In an article titled Democracy in Name Only for Africa, written about a week before Zimbabwe’s elections, Michelle Gavin and Alexandra Drent, say decades after multiparty democracy in Africa, many on the continent still face sham elections, restrictions of rights, and few improvements.

“Democracy is in trouble in Africa. It’s not just the latest coup d’état in Niger, completing the belt of military governments stretching across the continent. It’s also an overall sense of dissatisfaction and disillusionment, and a fundamental problem of governance quality,” the article says.

“The problems for champions of democracy run deep. The very meaning of the term has been called into question for too many populations who have experienced plenty of elections, but little in the way of real political choice or accountability.

 “This month alone, Gabon and Zimbabwe are likely to provide new fodder for democracy cynics. In Gabon, citizens will go to the polls in a process almost certain to provide another mandate for the Bongo dynasty, which has remained in control of the country for over half a century.

 “A compressed electoral timetable and move to single-round voting, combined with a long history of dividing and co-opting the opposition, leaves little room for doubt about the outcome.

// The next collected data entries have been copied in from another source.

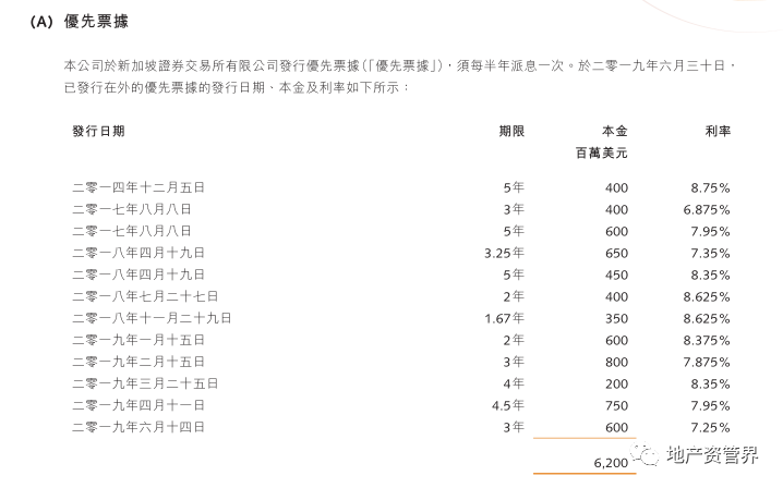 首先,是優(yōu)先票據(jù)。融創(chuàng)于新加坡證券交易所有限公司發(fā)行優(yōu)先票據(jù),截止2019年6月30日,已發(fā)行在外的優(yōu)先票據(jù)本金累計為62億美元。據(jù)一位新加坡債券從業(yè)人士表示,融創(chuàng)的美元債在市場上很搶手,“最近幾筆都是超發(fā),投資者基本要搶額度。而且,相比一些閩系房企,融創(chuàng)的發(fā)債利率算是低的。”
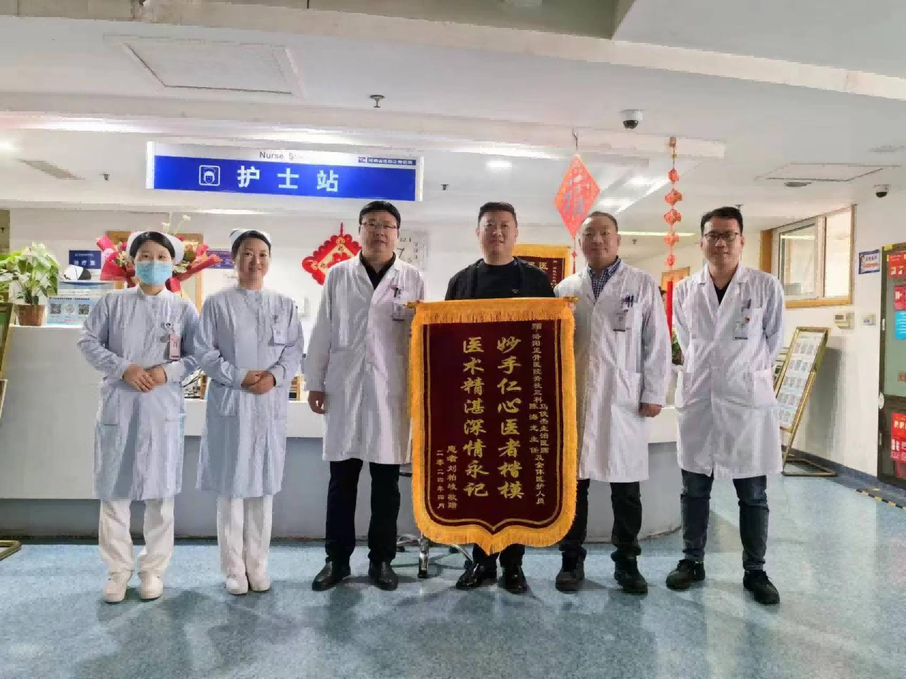 4月22日,我院脊柱外三科收到了一面由刘先生亲手赠送的锦旗,旗面上“妙手仁心医者楷模,医术精湛深情永记”两行大字表达了刘先生对脊柱外三科陈海龙主任和马俊杰医生及全体医护人员的深深敬意和感激。
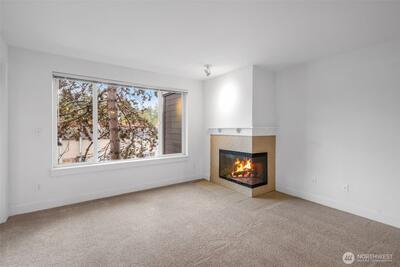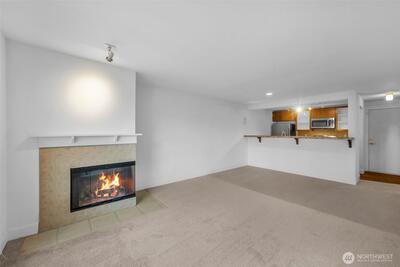 Combining the best of nature and city, the Cove at Veridian is set on 5 acres of landscaped walking trails, gardens, and dedicated pet areas. This luxurious home includes stainless-steel appliances, warm cabinetry and tile accents. Spacious granite kitchen flows into the open living room featuring a wood burning fireplace and new carpet and paint. Private deck includes abundant secure storage closet. Lavish bath boasts en-suite laundry, tile counters and tile tub surround. Large mirror with ample lighting. Residents enjoy a modern clubhouse including flat screen TV, indoor hot tub and gorgeous heated outdoor pool, fitness center, yoga studio, and private access to Bitter Lake Park. Secure parking garage with assigned parking space and plenty of guest parking. There is no Rental Cap, caring-quiet community, on-site manager + bus line. HOA covers water, garbage, sewer. Walk to the Broadview Library, The Broadview Tap house for a cold brew or shop at Sprouts Market. EZ Access to I-5 and
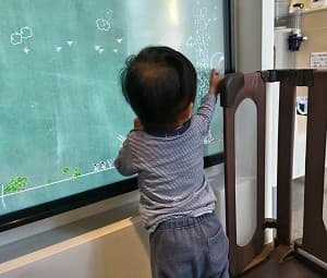 はじめから保育スペース内のおもちゃやモニターに興味津々♡
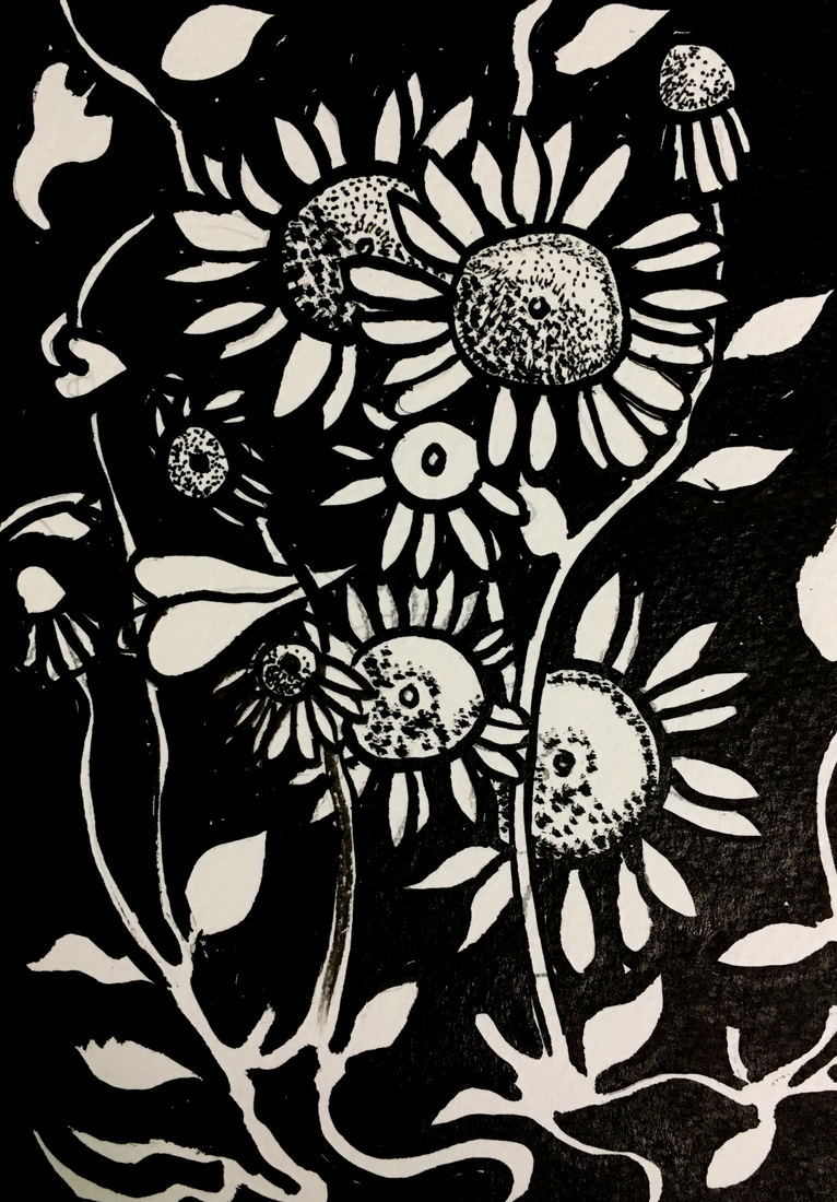 bloemenfantasie in zwart wit
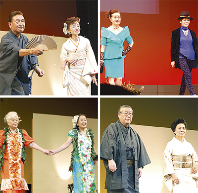 参加者は袴やドレスなど思い思いの衣装を身にまとい、「喜寿の記念に」、「最後の花道をときめきを持って歩きたい」、「いつまでも元気でいたい」などそれぞれの思いを胸にステージ上で輝いた。
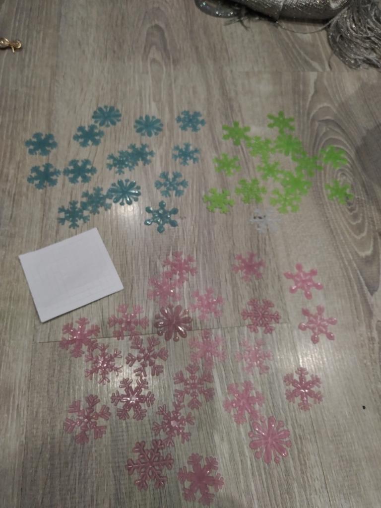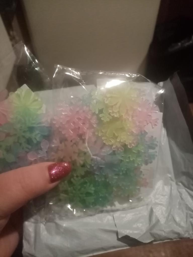 10 fulgi de zăpadă și pătrățele mici pentru lipit pe suprafață. Dacă luminează sau nu - încă nu am verificat. Trebuie să se încarce de la lumină. Mulțumesc.
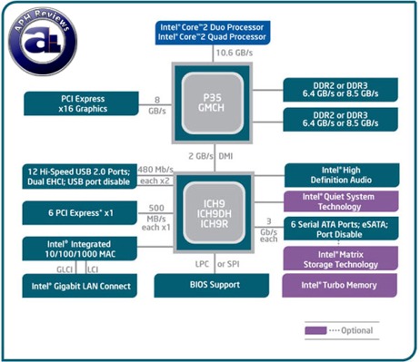 The Intel P35 chipset diagram, as obtained from Intel's website. As far as PCIe lanes go, 16 (MCH) + 6 (ICH) is still far behind NVIDIA's 46 on their flagship 680i. Intel still retains ATI Crossfire support on the P35 at 16-4 configuration. Currently, 22 PCIe lanes should suffice, but the limitation of design comes down to lack of bandwidth to the second PEG slot. Because 16 lanes comes from the northbridge and 4 lanes from the southbridge, it also suffers from the limitation of data transfer/communication between the chipsets.
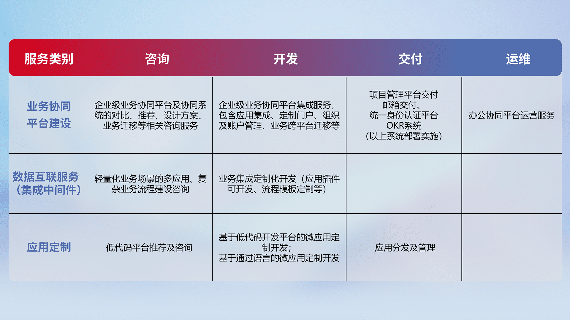 针对钉钉、、、企微、、IDaas等平台级产品提供产品的规划、、方案、、交付、、定制化开发等服务,,,实现如统一协同办公、、、、智能客户服务、、、、混合会议管理、、、智能数据查询、、、等业务场景,,实现数字化转型。。。

 “In Zimbabwe, the electoral commission’s shenanigans and heavy-handed treatment of opposition candidates and supporters do not inspire confidence in the process to come. From faux-civil society organisations intimidating communities to ensure the ruling party retains power “in perpetuity” to cases before the deeply compromised judiciary aimed at undercutting challenges to the status quo, the pre-election climate is ludicrously unbalanced.”

Mnangagwa and his supporters have been congratulating each other over their victory in a charade secured by fair means or foul, but the country and democracy are the biggest losers in their win.

Jonathan Moyo, a professor of politics and former minister, says Chamisa performed poorly, since he won three out of 10 provinces.

 “Chamisa won only three out of Zimbabwe’s 10 provinces: Bulawayo, Harare and Matabeleland North. Effectively, and so to speak, Chamisa lost in all of Mashonaland’s provinces, winning there only in metropolitan Harare. Notably, Chamisa did not win Masvingo, his home province. In Matabeleland provinces, Chamisa won metropolitan Bulawayo and Matabeleland North; while Matabeleland South voted in step with the rest of the country. This is the worst national performance by an MDC/CCC opposition presidential candidate since the formation of the MDC in 1999. Chamisa’s poor national performance should give voters in Matabeleland provinces food for thought after they woke up this morning to the hard realisation that the region’s vote is out of step with the voting of the rest of the country.”

 However, former deputy prime minister Arthur Mutambara said Chamisa, whom he describes as the leader of the only bona fide opposition party in Zimbabwe, fought a great fight.

“Here we go again. The cycle of disputed elections continues. We must come together as a nation and cure this cancer. We must devise a way to conduct free, fair and credible elections,” Mutambara said.

“Respect must go to President Chamisa and the CCC for fighting a great fight — Against all odds.” Prominent South African-based local researcher Phillan Zamchiya said Chamisa and CCC have six dominant options going forward.

 “These include: (1) boycotting parliament; (2) peaceful mass action; (3) seeking legal recourse; (4) an internal political settlement (a handshake); (5) Seeking an urgent Sadc intervention and or (6) After Action Review (self-introspection),” he said.

 “Whilst these might appear different blocks on paper, in practice they work in combination to varying degrees.”